With a dynamical model we can simulate forwards in time and see how a
system might change over time, given a set of parameters. If we have a
time series data set though, we can go a step further and find
parameters consistent with the data. This vignette gives an introduction
to the approaches to fitting to data available for odin2
models. This support largely derives from the monty
and dust2
packages
and we will refer the reader to their documentation where further detail
is on offer.
Setting the scene
We’ll start with a simple data set of daily cases of some disease over time
data <- read.csv("incidence.csv")
head(data)
#> cases time
#> 1 3 1
#> 2 2 2
#> 3 2 3
#> 4 2 4
#> 5 1 5
#> 6 3 6
plot(cases ~ time, data, pch = 19, las = 1,
xlab = "Time (days)", ylab = "Cases")
The data here shows a classic epidemic, with cases rising up to some
peak and falling. We will try fitting this with a simple compartmental
SIR (Susceptible-Infected-Recovered) model, which we will write here in
odin2. There are a number of possible ways of writing this, but here
we’ll go for a stochastic discrete-time version, mostly because it will
allow us to demonstrate a number of features of odin2
,
dust2
and monty
(and because the ODE version
is not yet written).
Before fitting the data, we’ll write out a model that captures the
core ideas (this is replicated from vignette("odin2")
), but
with an equation for incidence
added (the number of new
infections over one time unit).
sir <- odin({
initial(S) <- N - I0
initial(I) <- I0
initial(R) <- 0
initial(incidence, zero_every = 1) <- 0
update(S) <- S - n_SI
update(I) <- I + n_SI - n_IR
update(R) <- R + n_IR
update(incidence) <- incidence + n_SI
n_SI <- Binomial(S, p_SI)
n_IR <- Binomial(I, p_IR)
p_SI <- 1 - exp(-beta * I / N * dt)
p_IR <- 1 - exp(-gamma * dt)
beta <- parameter()
gamma <- parameter()
I0 <- parameter()
N <- 1000
}, quiet = TRUE)
We can initialise this system and simulate it out over this time series and plot the results against the data:
pars <- list(beta = 0.3, gamma = 0.1, I0 = 5)
sys <- dust_system_create(sir(), pars, n_particles = 20, dt = 0.25)
dust_system_set_state_initial(sys)
time <- 0:100
y <- dust_system_simulate(sys, time)
The dust_system_simulate()
function returns an
n_state
by n_particle
by n_time
matrix (here, 4 x 20 x 101). We’re interested in incidence, and
extracting that gives us a 20 x 101 matrix, which we’ll transpose in
order to plot it:
incidence <- dust_unpack_state(sys, y)$incidence
matplot(time, t(incidence), type = "l", lty = 1, col = "#00000055",
xlab = "Time (days)", ylab = "Cases", las = 1)
points(cases ~ time, data, pch = 19, col = "red")
The modelled trajectories are in grey, with the data points overlaid in red – we’re not doing a great job here of capturing the data.
Comparing to data
We’re interested in fitting this model to data, and the first thing we need is a measure of goodness of fit, which we can also code into the odin model, but first we’ll explain the idea.
Our system moves forward in time until it finds a new data point; at this point in time we will have one or several particles present.
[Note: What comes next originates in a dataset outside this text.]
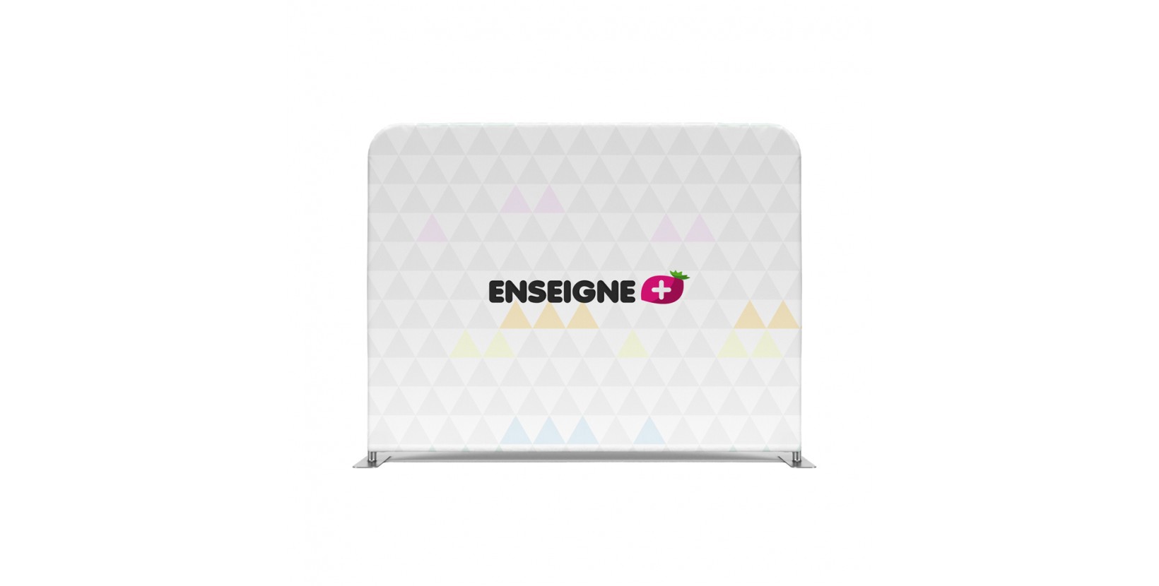 Idéal pour les événements, présentations et salons, disponible en plusieurs tailles (de 240x230cm à 600x300cm) pour un impact visuel professionnel et personnalisé.

We then ask for each particle how likely this data point is. This means that these calculations are per-particle and per-data-point.
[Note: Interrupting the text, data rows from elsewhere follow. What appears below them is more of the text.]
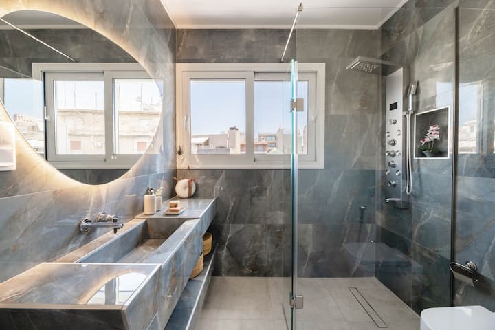 להתפנק בחוויה דמוית ספא עם שני חדרי אמבטיה מלאים, כל אחד עם אריחים מהרצפה עד התקרה. חדר הרחצה הראשי מציע חוויה ייחודית עם נוף לאקרופוליס בזמן המקלחת. בשני חדרי הרחצה יש מקלחת מפוארת, שירותים ויהירות גדולה.
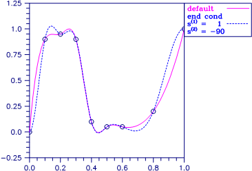 The difference between the default (“not-a-knot”) spline and the interpolating cubic spline, which has first derivative set to 1 at the left end and the second derivative set to −90 at the right end, is illustrated in the following figure.
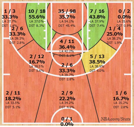 His struggles worsen when he turns to the jumpshot. Rose is shooting an abysmal 25 percent on catch-and-shoot jumpers, and his average of 34.8 percent on pullups are hardly any better, which makes for an extremely unsightly shooting chart.
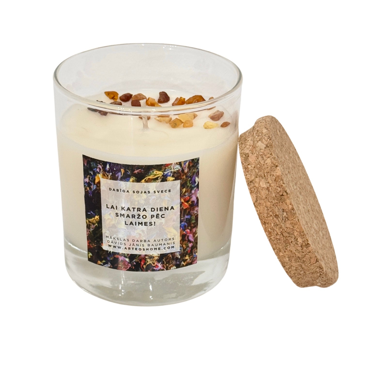 - Sojas vaska dabīgā svece ar stāstu: Lai katra diena smaržo pēc laimes!

Here, we’ll use a Poisson to ask “what is the probability of observing this many cases with a mean equal to our modelled number of daily cases”.
The syntax for this looks a bit different to the odin code above:
sir <- odin({
initial(S) <- N - I0
initial(I) <- I0
initial(R) <- 0
initial(incidence, zero_every = 1) <- 0
update(S) <- S - n_SI
update(I) <- I + n_SI - n_IR
update(R) <- R + n_IR
update(incidence) <- incidence + n_SI
n_SI <- Binomial(S, p_SI)
n_IR <- Binomial(I, p_IR)
p_SI <- 1 - exp(-beta * I / N * dt)
p_IR <- 1 - exp(-gamma * dt)
beta <- parameter()
gamma <- parameter()
I0 <- parameter()
N <- 1000
# Comparison to data
cases <- data()
cases ~ Poisson(incidence)
}, quiet = TRUE)
These last two lines are the new addition to the odin code. The first
says that cases
will be found in the data. The second
restates our aim from the previous paragraph, comparing the observed
cases
against modelled incidence
. The syntax
here is designed to echo that of the monty
DSL.
With this version of the model we can compute likelihoods with
dust2
’s machinery.
Stochastic likelihood with a particle filter
Our system is stochastic; each particle will produce a different trajectory and from that a different likelihood. Each time we run the system we get a different combination of likelihoods. We can use a particle filter to generate an estimate of the marginal likelihood, averaging over this stochasticity. This works by resampling the particles at each point along the time series, according to how likely they are.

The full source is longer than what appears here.